The climax of the evening was to be sword dancing, with Sir Cardew taking on the crossed, gleaming blades. Both guests and staff crowded round as he commenced to fling himself around between the knife-like edges of the swords, and all went well until someone gave Hugo a tiny push in the back, he involuntarily moved forward to preserve his balance, and stepped on the tip of one of the blades.
This dislodged the point at which the two swords crossed, and lifted one of them, Sir Cardew lost his timing, and suffered a nasty cut on the ankle as a consequence. As the blood ran down from his wound, the piper stopped playing, and all eyes were on their bloodied host.
‘It was nobody’s fault,’ Cardew admitted gracefully, nevertheless fixing Hugo with an accusatory stare. ‘I’ll get it fixed up and be as right as rain.’
This seemed to be the signal for the party to break up, as it was already nearly ten o’clock, and well after the household’s usual retiring time. As people began to shuffle around preparatory to going to bed, and Sir Cardew staunched the blood from his wound with a handkerchief, Hugo noticed several people taking nips from flasks, their backs to their host in case they were caught out.
‘Come on,’ urged Lady Amanda. ‘Let’s get back upstairs and see what Beauchamp’s left for us.’
‘?’
‘I do hope it’s champagne,’ she answered Hugo’s mute question.
As they mounted the stairs, he asked, ‘About that poem thingy – did that lot understand it all, or was it just me being ignorant?’
‘They were all in the same boat as you, dear Hugo. When Siobhan’s father died and he had to take over the address to the haggis, he was in a muck sweat, for he’d never paid it any attention over the years. It was Cook who taught it to him, word for word, by rote.

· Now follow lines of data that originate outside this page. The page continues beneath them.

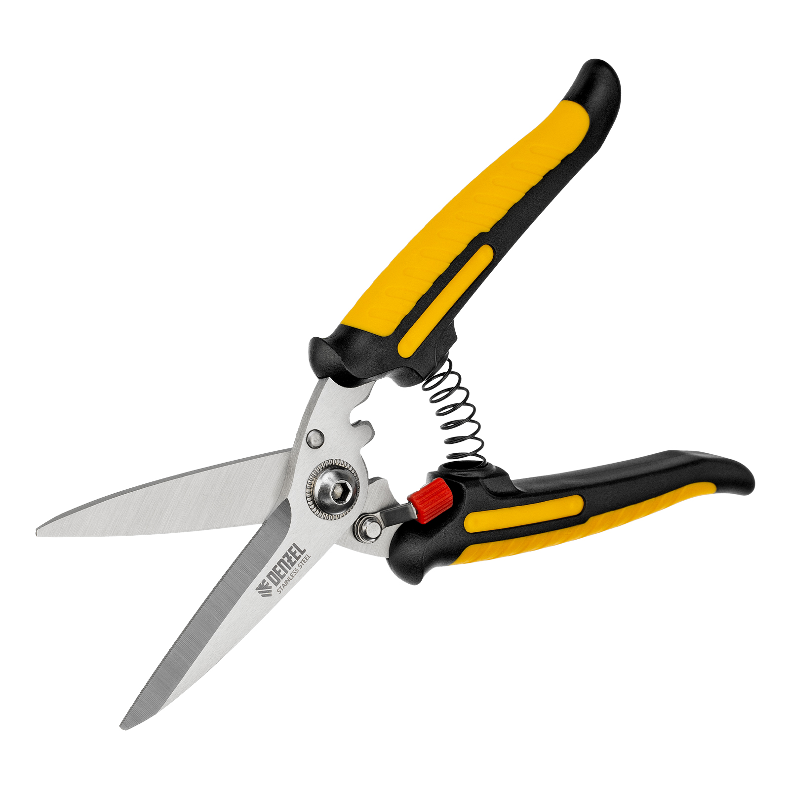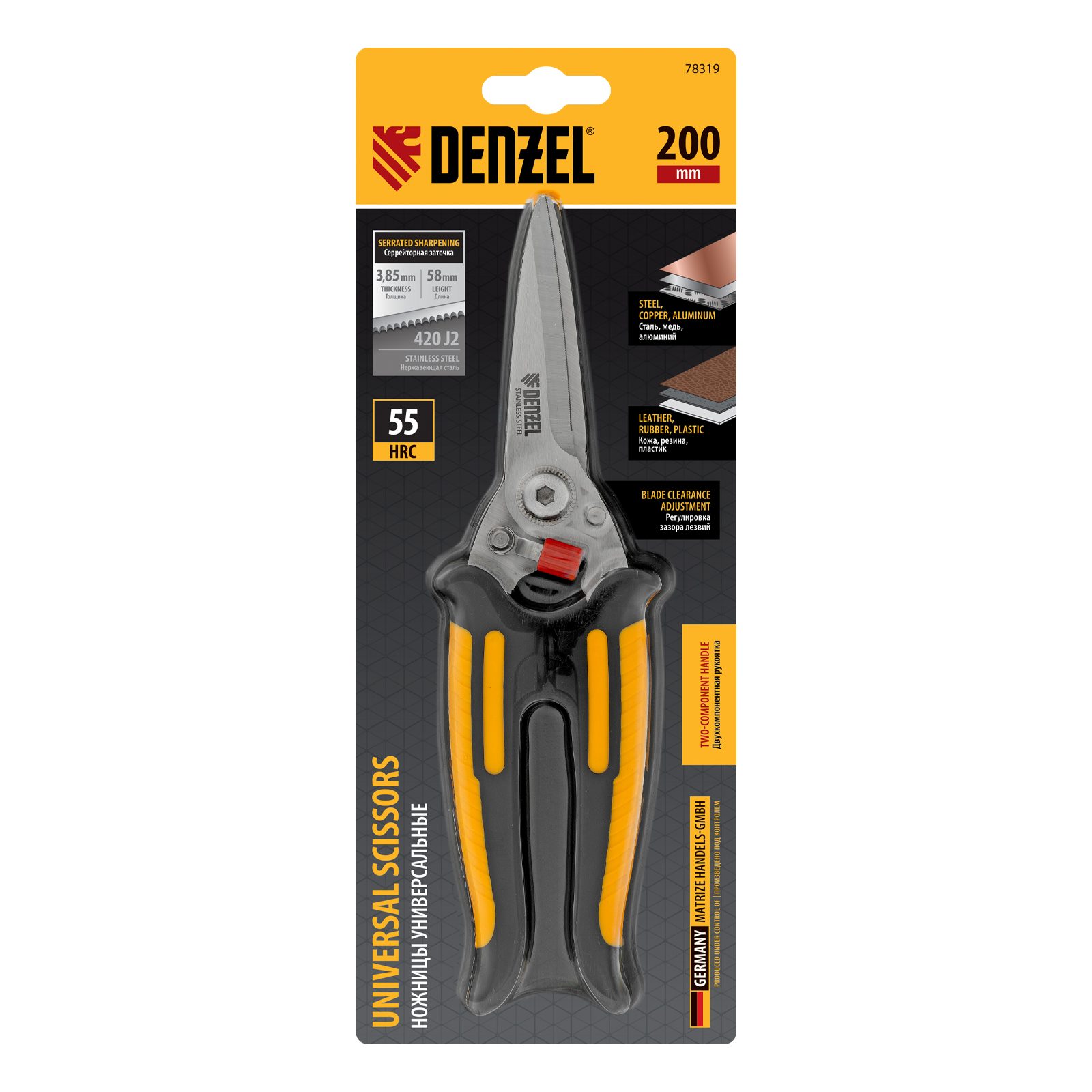 Универсальные ножницы Denzel 78319 длиной 200 мм — инструмент для разрезания тонкого металла и мягких материалов. Одно из лезвий имеет серрейторную (зубчатую) заточку, поэтому разрезаемый материал не выскальзывает из инструмента. Ножницы подходят для выполнения разнообразных работ: на даче помогут разрезать стальную сетку с небольшим диаметром проволоки, в походе — ветки или рыбу, во время мелкого ремонта или занятий творчеством — провода, кожу, резину, картон, бумажную лозу и другие материалы.
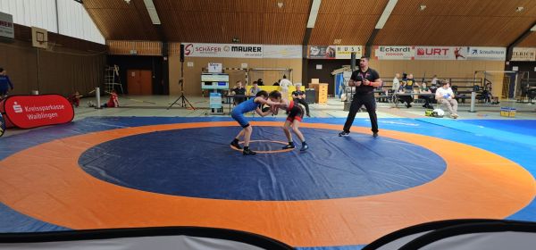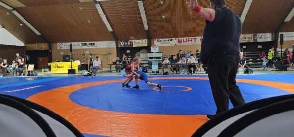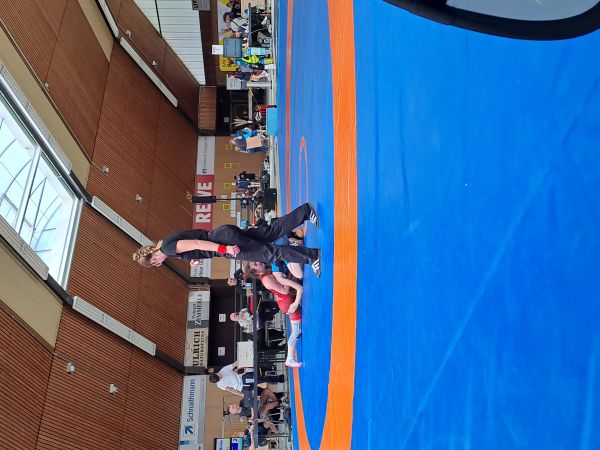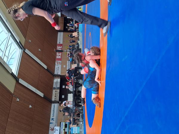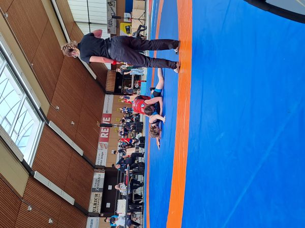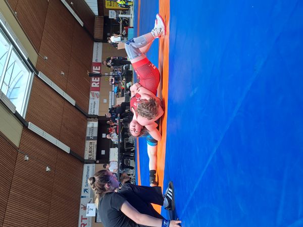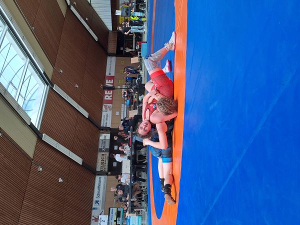 Ebenfalls bei den Schülerinnen trat Naila Ender an. Sie ging bis 27kg an den Start und bestritt erst ihr zweites Schülerturnier. Naila hatte insgesamt 4 Kämpfe und konnte alle für sich entscheiden. Über alle Begegnungen hinweg rang sie stets offensiv und konnte vor allem mit ihren sehr guten Beinangriffen punkten. Dass sie zwei ihrer Kämpfe nach Rückständen noch drehen konnte, unterstreicht ihren Siegeswillen und ihre mentale Stärke. Herzliche Gratulation zur verdienten Goldmedaille!
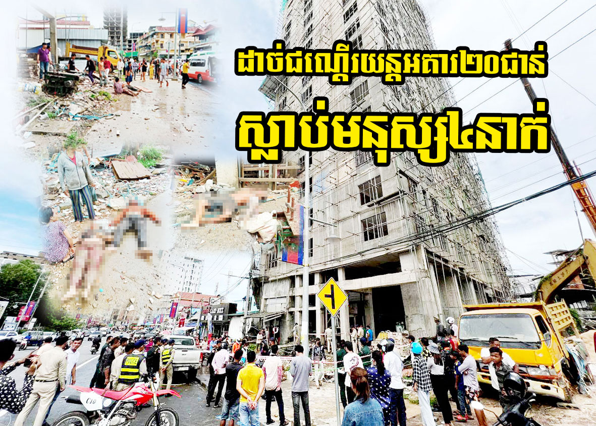 គ្រោះអកុសល ដាច់ខ្សែកាប្លិ៍សណ្តោងជណ្តើរយន្ត ធ្លាក់ចុះដី បណ្តាលឱ្យកម្មករប្រុសស្រី ចំនួនបីនាក់ ស្លាប់ភ្លាមនៅនឹងកន្លែង និងចំណែកម្នាក់ទៀត បានស្លាប់នៅមន្ទីរពេទ្យ ខណៈដែលជនរងគ្រោះម្នាក់ផ្សេងទៀត រងរបួសធ្ងន់ និងកំពុងសង្គ្រោះបន្ទាន់ក្នុងមន្ទីរពេទ្យ។
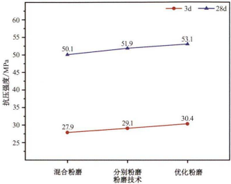 图8 优化粉磨矿渣水泥的抗压强度
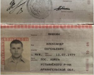 Bellingcat вдалося роздобути копію паспорта Мішкіна. Згідно з цим документом, майбутній російський спецагент народився в селищі Лойга Архангельської області в 1979 році. Цей паспорт отримав в 2001 році в Санкт-Петербурзі.
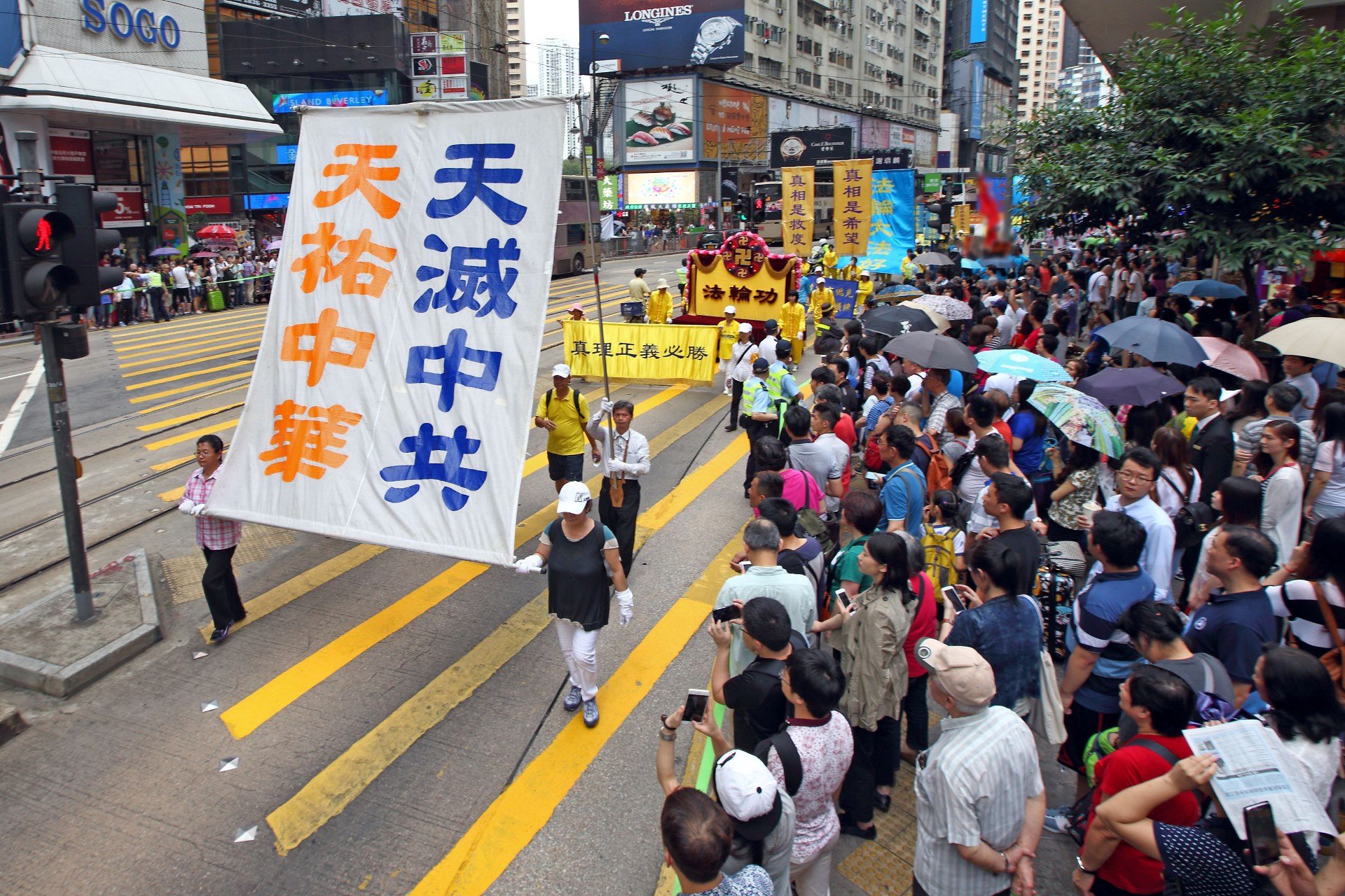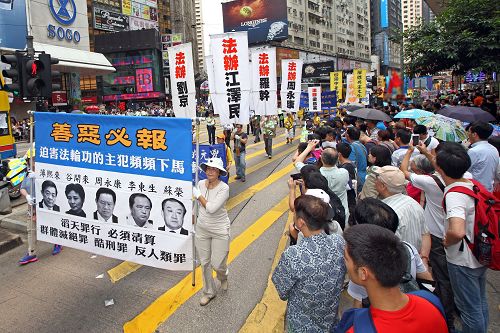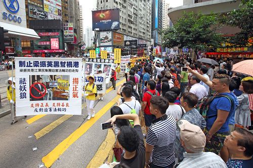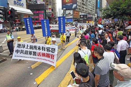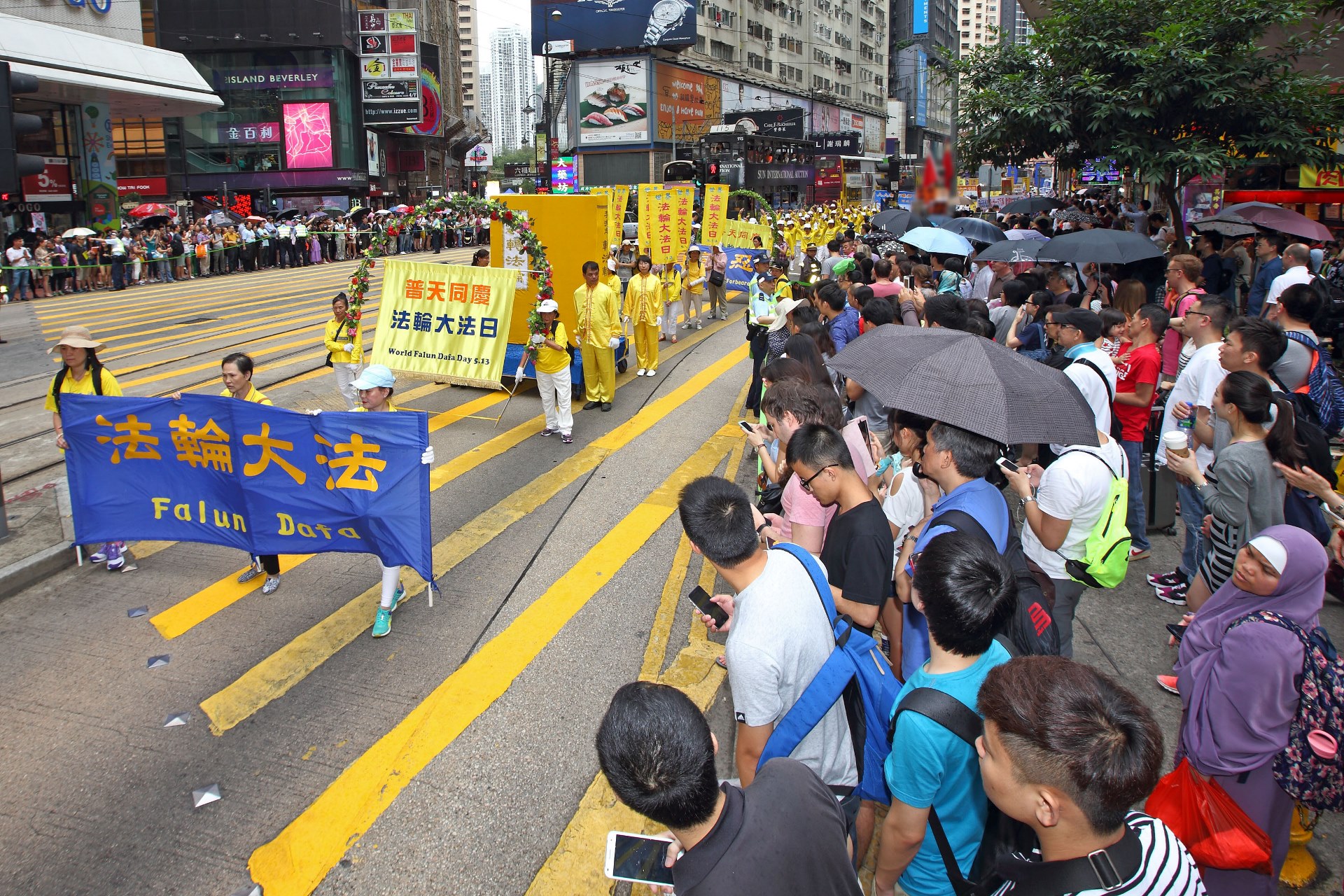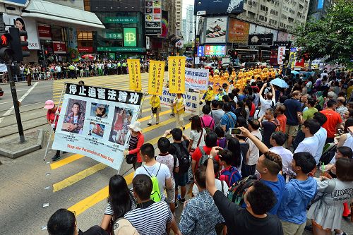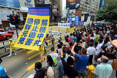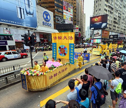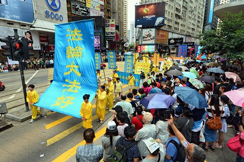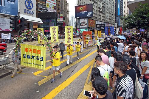在中环爱丁堡广场的庆祝活动于中午前结束。下午二时,游行队伍在天国乐团吹奏“法轮大法好”、“法轮圣王”等多首雄威动人的音乐引领下,从维多利亚公园出发,途经铜锣湾、湾仔、中环等闹市,前往终点:上环中山纪念公园。沿途吸引许多市民和大陆游客驻足观看,纷纷举起手机、相机拍下画面。

‘Oh, and don’t be fooled by Cook. She’s a lot older than she looks, her wrinkles being filled out with fat, and charmingly dimpled she appears too, but she’s been here since the year dot, and has been the greatest influence over Cardew as to his occasional Scottishness.
‘When he came back here, when his wife’s father was gravely ill, he hadn’t an idea about anything Scottish, with the exception of Hogmanay. Remember, he was brought through the nursery by a nanny, went off to prep school at eight, ended up in an English university, and came home, eventually, to find himself a complete stranger in the land of his birth.
‘Then he married Siobhan, and they eventually moved here. That’s when Cook took charge of him and gave him Scots lessons, so he didn’t look a complete fool, and the old head gamekeeper took him on for hunting, shooting and fishing, so that he could keep his end up with country pursuits. Her father had been the real thing, being educated at home, and never getting as far as university, but Cardew’s father wanted his son to have a better education and not appear overtly Scots.’
‘What about the rest of the guests?’
‘Exactly the same: part-time Scots, to a man, or woman, with the exception of Elspeth.’ Here she gave a little giggle, attributable solely to their pre-dinner cocktail and the wee nips they had had during the course of the evening. ‘Look around, Hugo, everyone’s as staggery as we are, after all their shifty little nips, for they didn’t get like that on Lucozade,’ and there was, indeed, a sway to the column of guests mounting the stairs in their wake.
‘Oh, excellent! It is champagne,’ she declared, throwing open the door of her room and seeing the large ice bucket with the top of a bottle of Veuve Clicquot sticking out of it.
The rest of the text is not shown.